| PROBLEM DETAILS |
Please print, exactly, only the lines in the entries below from the line that has "والت ديزني بفلوريدا" through the line that has "Die Straßengäng (Band". Pictures don't go in.

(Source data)
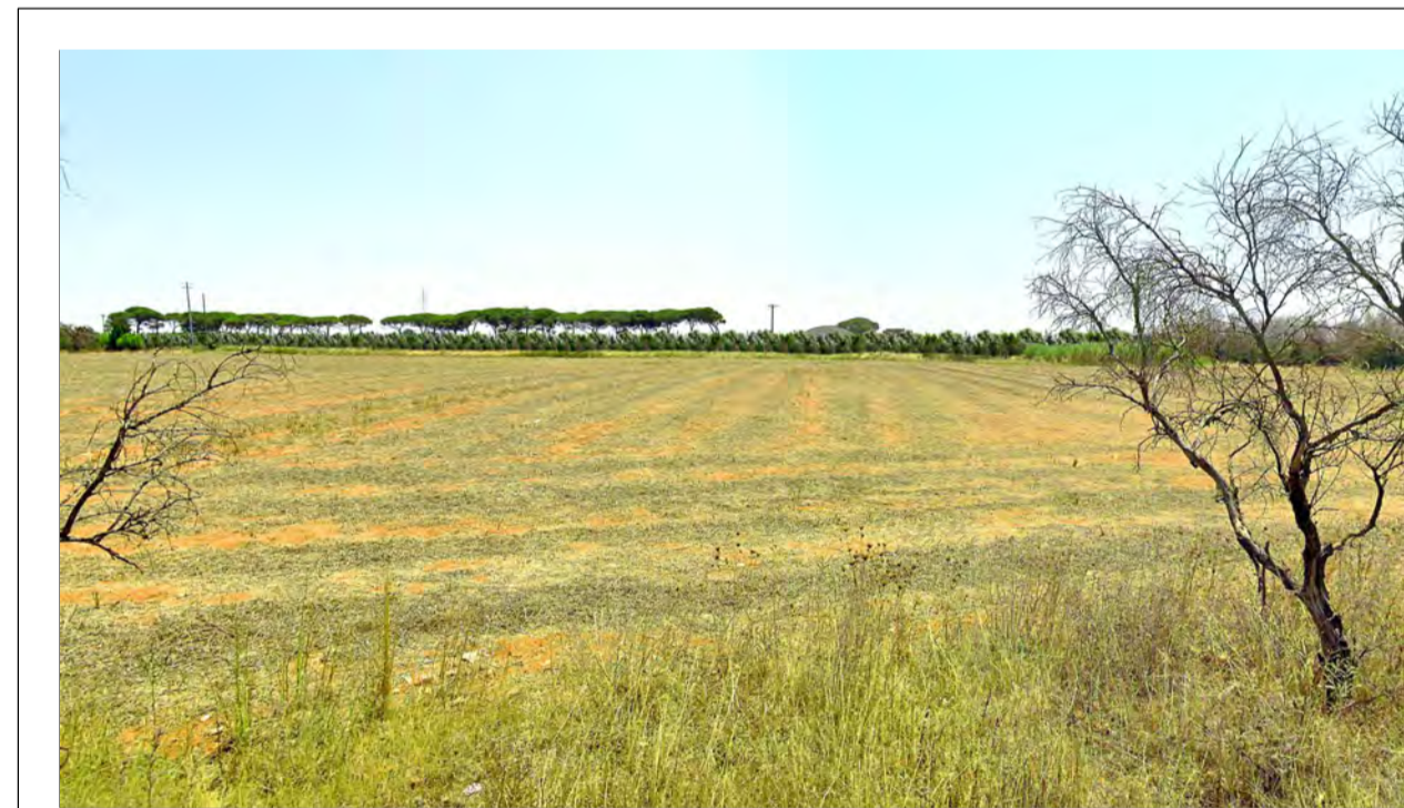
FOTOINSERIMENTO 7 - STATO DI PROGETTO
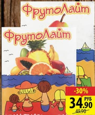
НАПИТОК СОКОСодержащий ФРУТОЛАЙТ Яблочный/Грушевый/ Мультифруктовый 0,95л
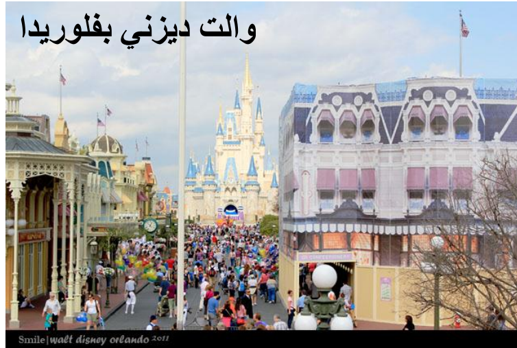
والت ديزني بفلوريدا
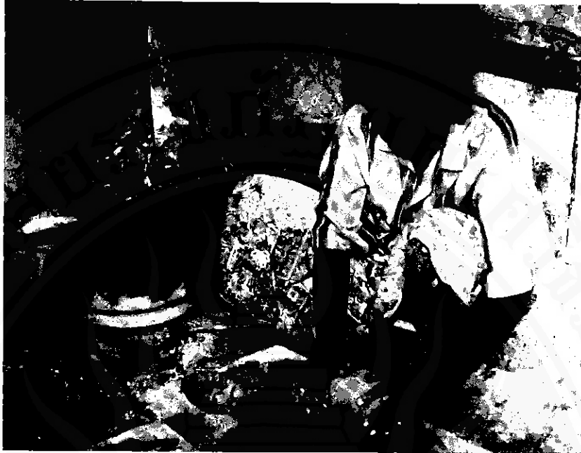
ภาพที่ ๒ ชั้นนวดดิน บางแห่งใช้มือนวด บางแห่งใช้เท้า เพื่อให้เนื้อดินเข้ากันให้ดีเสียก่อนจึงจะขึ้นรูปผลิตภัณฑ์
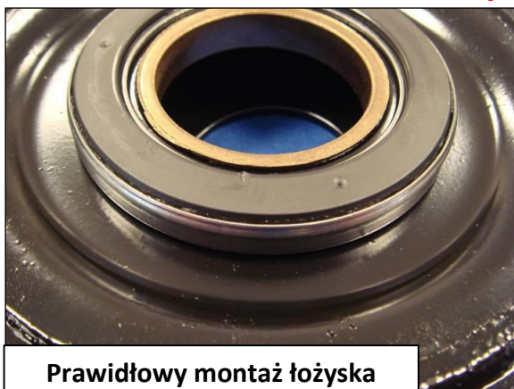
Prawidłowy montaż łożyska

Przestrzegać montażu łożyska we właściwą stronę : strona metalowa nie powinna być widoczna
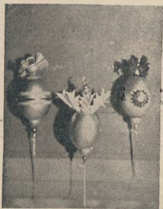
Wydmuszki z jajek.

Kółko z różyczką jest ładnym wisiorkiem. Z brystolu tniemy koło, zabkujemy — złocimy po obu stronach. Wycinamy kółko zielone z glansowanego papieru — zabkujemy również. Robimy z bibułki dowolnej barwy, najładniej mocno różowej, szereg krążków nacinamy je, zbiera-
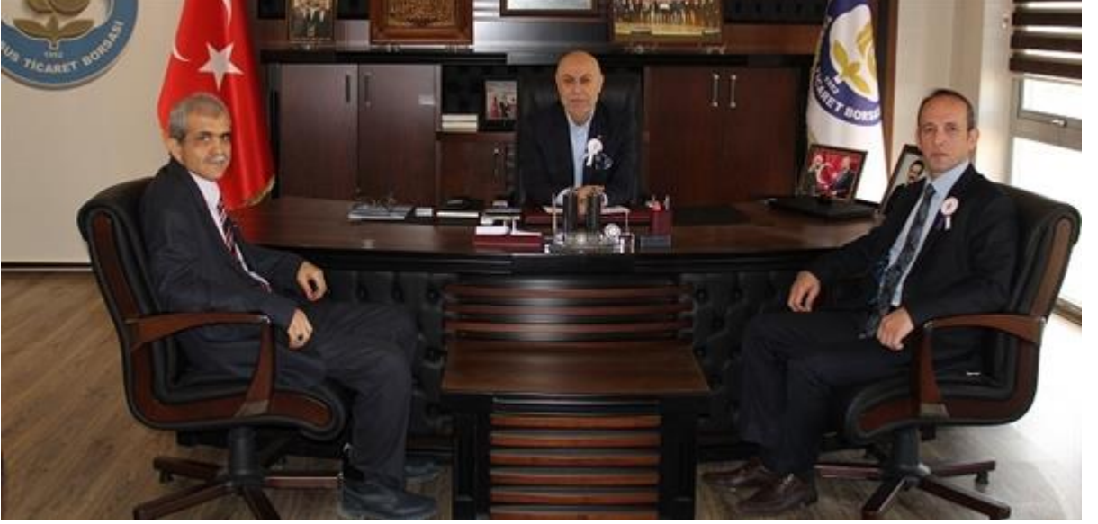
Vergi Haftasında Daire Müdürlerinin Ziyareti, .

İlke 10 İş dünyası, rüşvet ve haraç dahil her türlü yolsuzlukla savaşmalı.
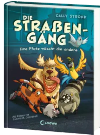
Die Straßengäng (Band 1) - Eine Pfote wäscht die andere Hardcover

==

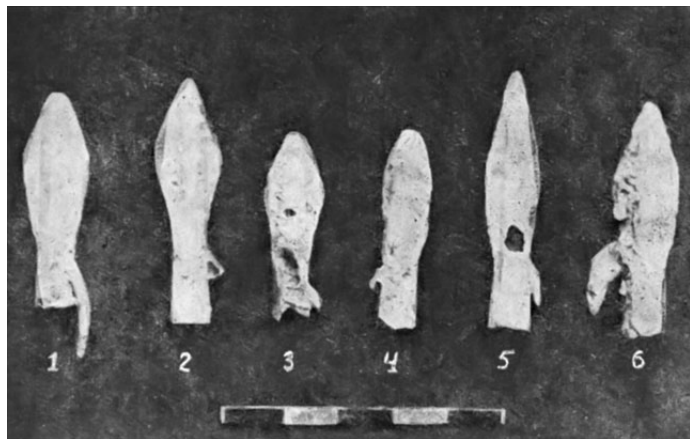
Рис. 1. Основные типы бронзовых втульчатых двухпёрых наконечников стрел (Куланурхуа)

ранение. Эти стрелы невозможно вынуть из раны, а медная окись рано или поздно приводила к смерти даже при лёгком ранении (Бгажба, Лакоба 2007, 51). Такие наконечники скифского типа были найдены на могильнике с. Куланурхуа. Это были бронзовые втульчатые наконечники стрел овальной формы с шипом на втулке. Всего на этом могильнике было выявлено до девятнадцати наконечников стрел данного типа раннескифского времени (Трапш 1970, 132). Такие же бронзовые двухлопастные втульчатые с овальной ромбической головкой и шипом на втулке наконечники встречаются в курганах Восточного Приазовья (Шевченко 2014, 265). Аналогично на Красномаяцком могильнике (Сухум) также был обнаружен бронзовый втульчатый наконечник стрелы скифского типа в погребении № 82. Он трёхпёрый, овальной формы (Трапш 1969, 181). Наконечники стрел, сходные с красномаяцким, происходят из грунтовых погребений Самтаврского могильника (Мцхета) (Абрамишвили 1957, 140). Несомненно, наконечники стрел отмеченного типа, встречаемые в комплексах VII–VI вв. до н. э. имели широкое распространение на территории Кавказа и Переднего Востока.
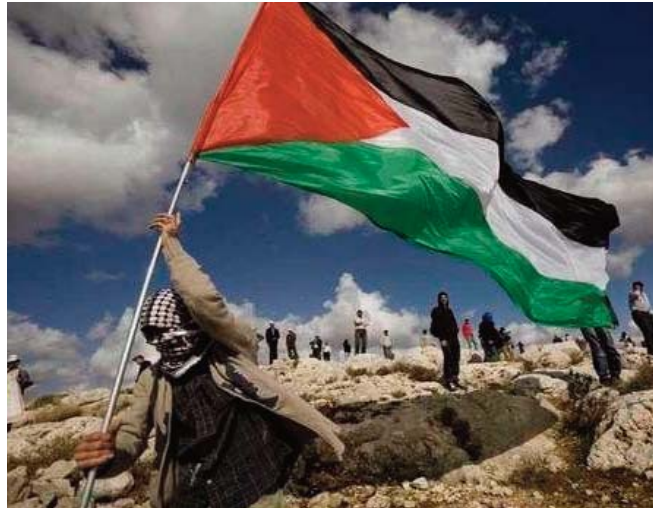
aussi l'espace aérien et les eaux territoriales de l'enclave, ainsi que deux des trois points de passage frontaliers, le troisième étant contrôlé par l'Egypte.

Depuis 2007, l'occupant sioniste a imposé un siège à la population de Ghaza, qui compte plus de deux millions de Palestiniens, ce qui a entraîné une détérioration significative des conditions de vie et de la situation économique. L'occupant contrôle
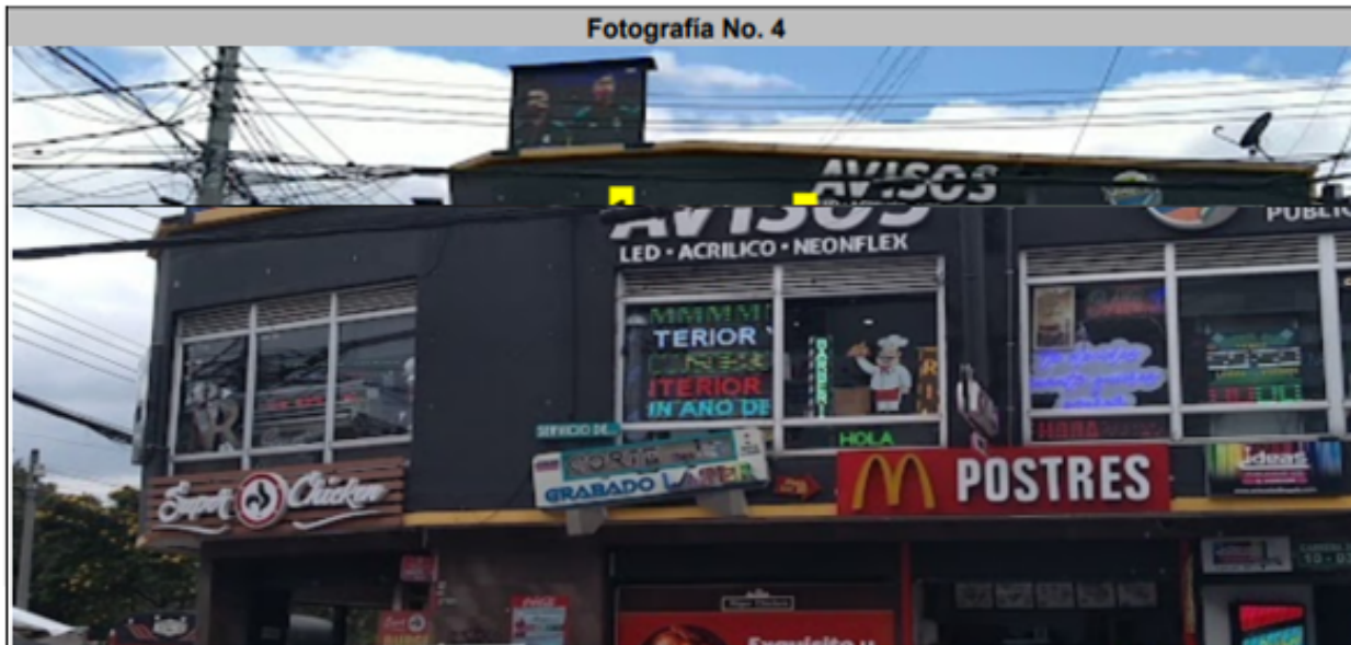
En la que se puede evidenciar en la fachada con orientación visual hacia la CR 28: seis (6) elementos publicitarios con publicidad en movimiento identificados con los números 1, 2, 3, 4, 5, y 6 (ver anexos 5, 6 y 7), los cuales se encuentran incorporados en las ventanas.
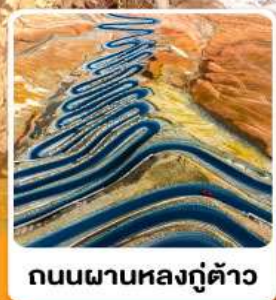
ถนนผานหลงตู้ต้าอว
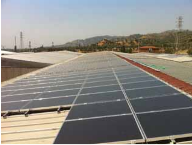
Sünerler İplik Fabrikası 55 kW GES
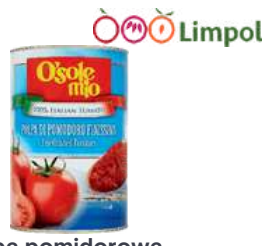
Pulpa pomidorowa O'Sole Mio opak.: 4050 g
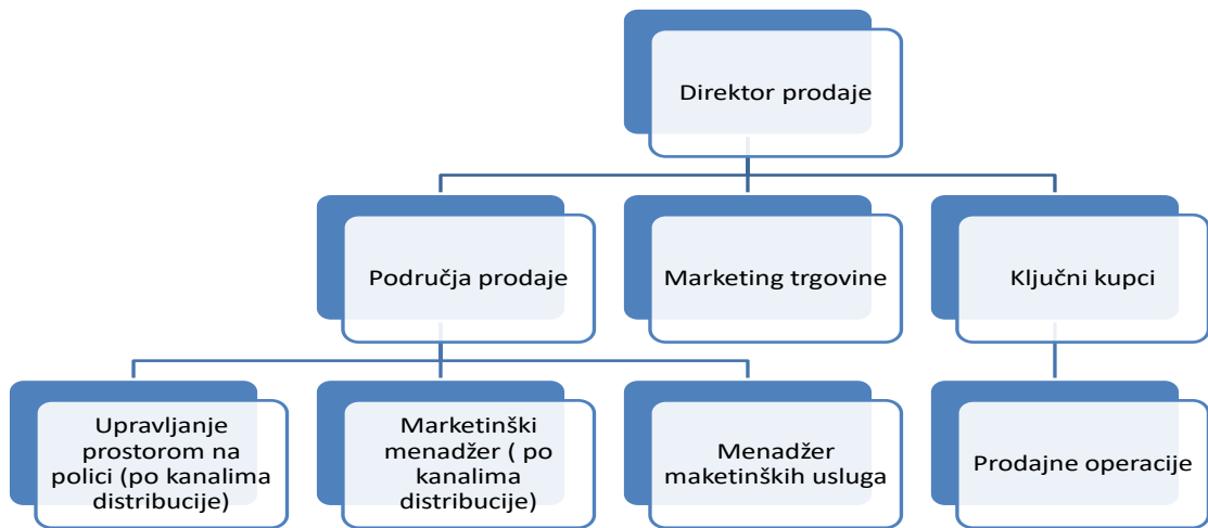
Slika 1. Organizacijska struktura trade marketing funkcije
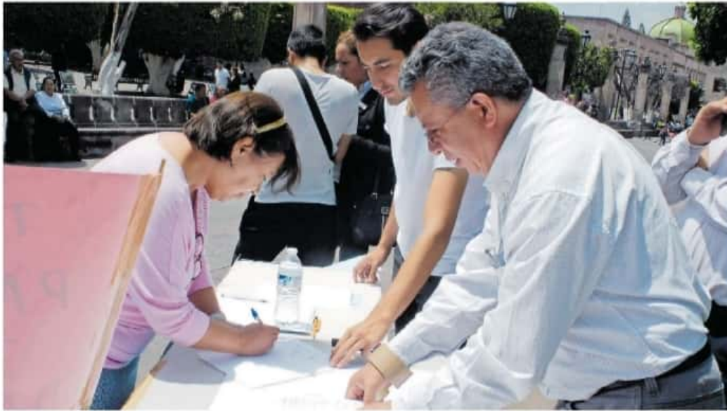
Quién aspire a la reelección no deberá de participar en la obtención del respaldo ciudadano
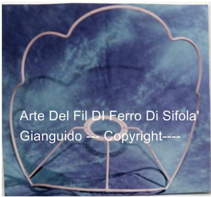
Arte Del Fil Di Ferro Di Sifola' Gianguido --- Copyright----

| EXERCISE RESULT |
والت ديزني بفلوريدا
ภาพที่ ๒ ชั้นนวดดิน บางแห่งใช้มือนวด บางแห่งใช้เท้า เพื่อให้เนื้อดินเข้ากันให้ดีเสียก่อนจึงจะขึ้นรูปผลิตภัณฑ์
Prawidłowy montaż łożyska

Przestrzegać montażu łożyska we właściwą stronę : strona metalowa nie powinna być widoczna
Wydmuszki z jajek.

Kółko z różyczką jest ładnym wisiorkiem. Z brystolu tniemy koło, zabkujemy — złocimy po obu stronach. Wycinamy kółko zielone z glansowanego papieru — zabkujemy również. Robimy z bibułki dowolnej barwy, najładniej mocno różowej, szereg krążków nacinamy je, zbiera-
Vergi Haftasında Daire Müdürlerinin Ziyareti, .

İlke 10 İş dünyası, rüşvet ve haraç dahil her türlü yolsuzlukla savaşmalı.
Die Straßengäng (Band 1) - Eine Pfote wäscht die andere Hardcover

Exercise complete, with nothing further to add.